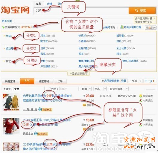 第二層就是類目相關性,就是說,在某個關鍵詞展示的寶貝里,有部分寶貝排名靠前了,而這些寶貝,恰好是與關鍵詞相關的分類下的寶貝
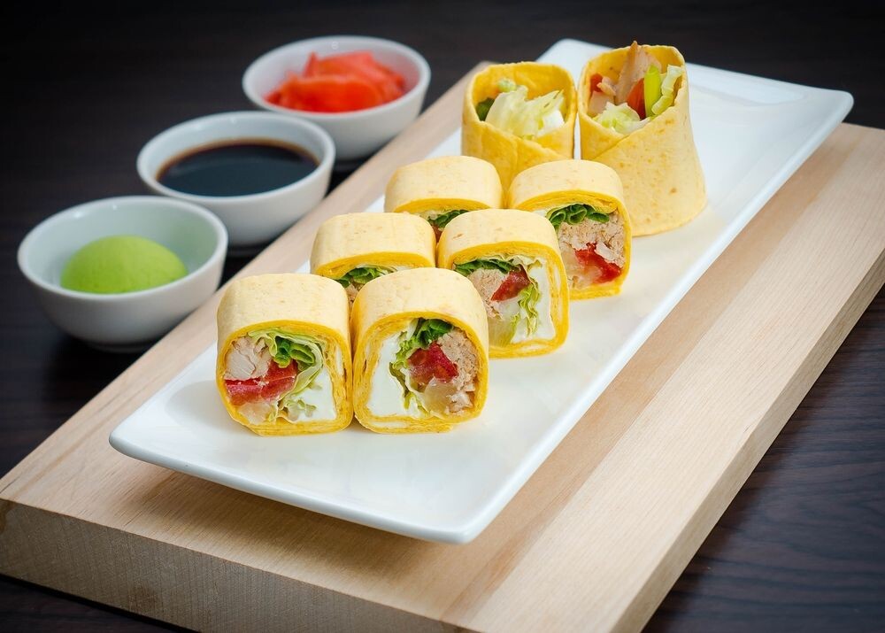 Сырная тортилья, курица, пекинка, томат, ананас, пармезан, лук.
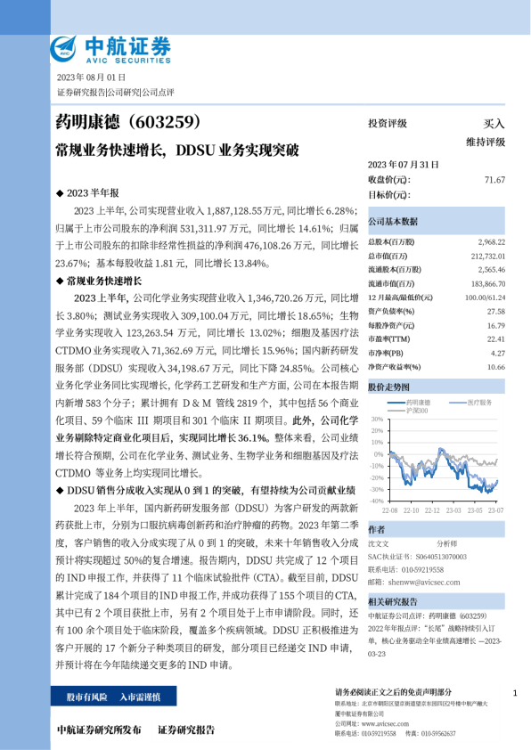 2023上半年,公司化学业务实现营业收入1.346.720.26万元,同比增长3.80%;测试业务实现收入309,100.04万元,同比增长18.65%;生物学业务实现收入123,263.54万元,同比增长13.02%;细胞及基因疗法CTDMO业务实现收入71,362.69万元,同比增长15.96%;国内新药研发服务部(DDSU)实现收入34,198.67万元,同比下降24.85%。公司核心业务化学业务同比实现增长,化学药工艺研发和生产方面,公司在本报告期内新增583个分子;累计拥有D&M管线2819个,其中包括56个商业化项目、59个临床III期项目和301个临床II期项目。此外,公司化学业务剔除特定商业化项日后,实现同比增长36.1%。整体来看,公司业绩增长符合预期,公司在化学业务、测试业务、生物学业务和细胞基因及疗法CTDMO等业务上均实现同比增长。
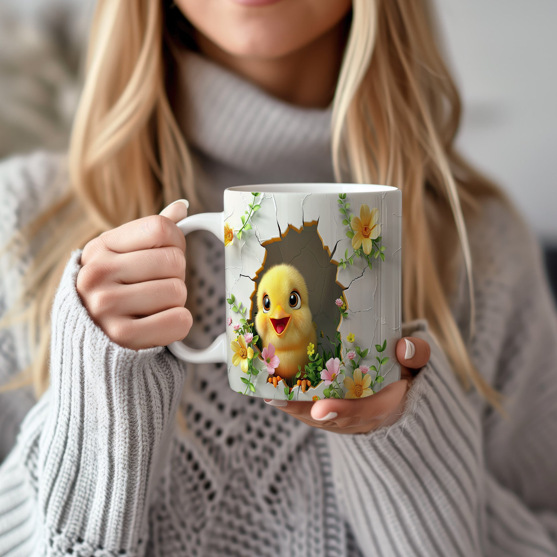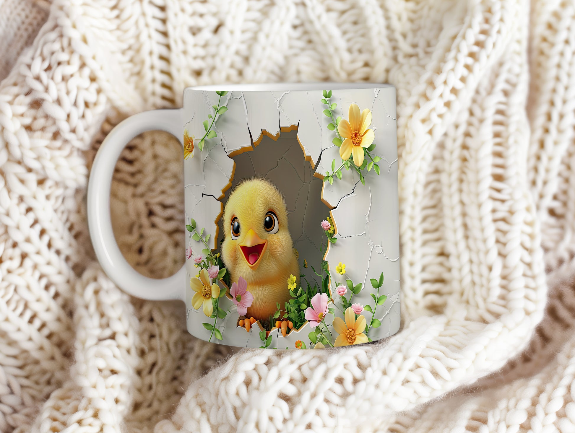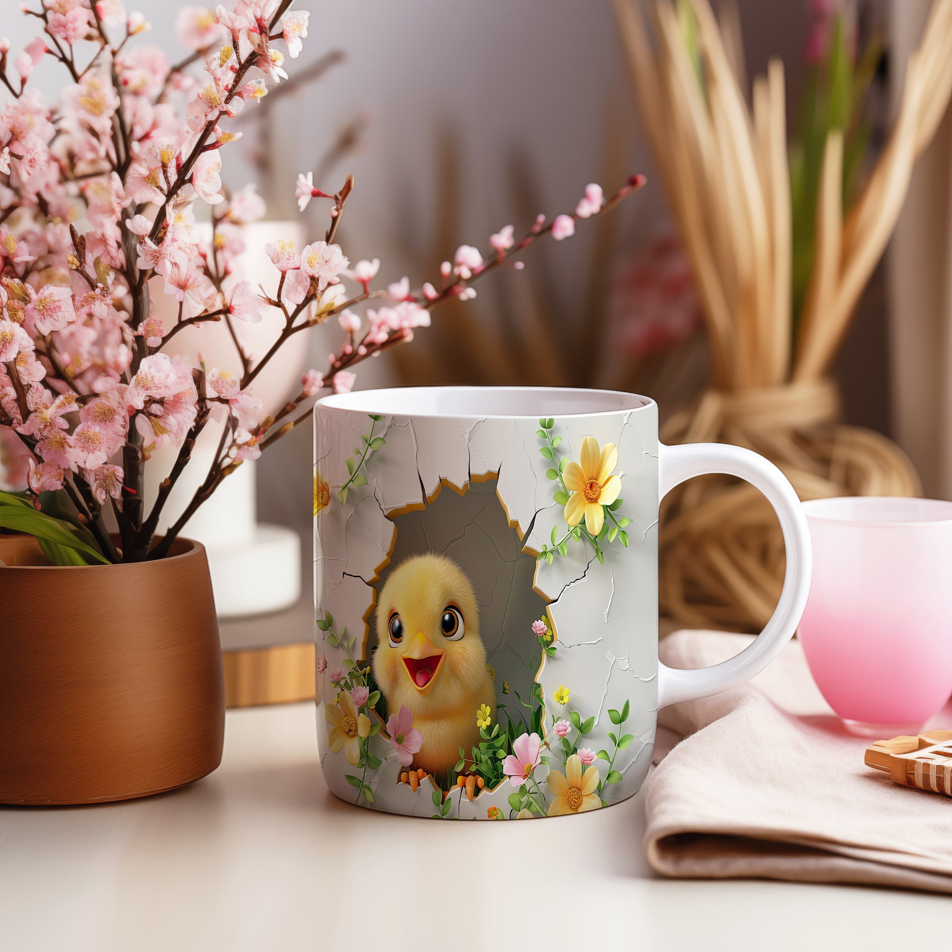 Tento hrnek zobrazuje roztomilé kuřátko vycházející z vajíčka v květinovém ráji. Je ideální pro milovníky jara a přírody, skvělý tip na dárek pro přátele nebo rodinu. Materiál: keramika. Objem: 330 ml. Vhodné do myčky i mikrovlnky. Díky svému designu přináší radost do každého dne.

◆ WORK TO BE COMPLETED ◆
Please quote the lines of the material, beginning with the first and ending with the one that contains "2023上半年,公司化学业务", exactly as written and without any pictures.

◆ SOLVED EXERCISE ◆
 第二層就是類目相關性,就是說,在某個關鍵詞展示的寶貝里,有部分寶貝排名靠前了,而這些寶貝,恰好是與關鍵詞相關的分類下的寶貝
 Сырная тортилья, курица, пекинка, томат, ананас, пармезан, лук.
 2023上半年,公司化学业务实现营业收入1.346.720.26万元,同比增长3.80%;测试业务实现收入309,100.04万元,同比增长18.65%;生物学业务实现收入123,263.54万元,同比增长13.02%;细胞及基因疗法CTDMO业务实现收入71,362.69万元,同比增长15.96%;国内新药研发服务部(DDSU)实现收入34,198.67万元,同比下降24.85%。公司核心业务化学业务同比实现增长,化学药工艺研发和生产方面,公司在本报告期内新增583个分子;累计拥有D&M管线2819个,其中包括56个商业化项目、59个临床III期项目和301个临床II期项目。此外,公司化学业务剔除特定商业化项日后,实现同比增长36.1%。整体来看,公司业绩增长符合预期,公司在化学业务、测试业务、生物学业务和细胞基因及疗法CTDMO等业务上均实现同比增长。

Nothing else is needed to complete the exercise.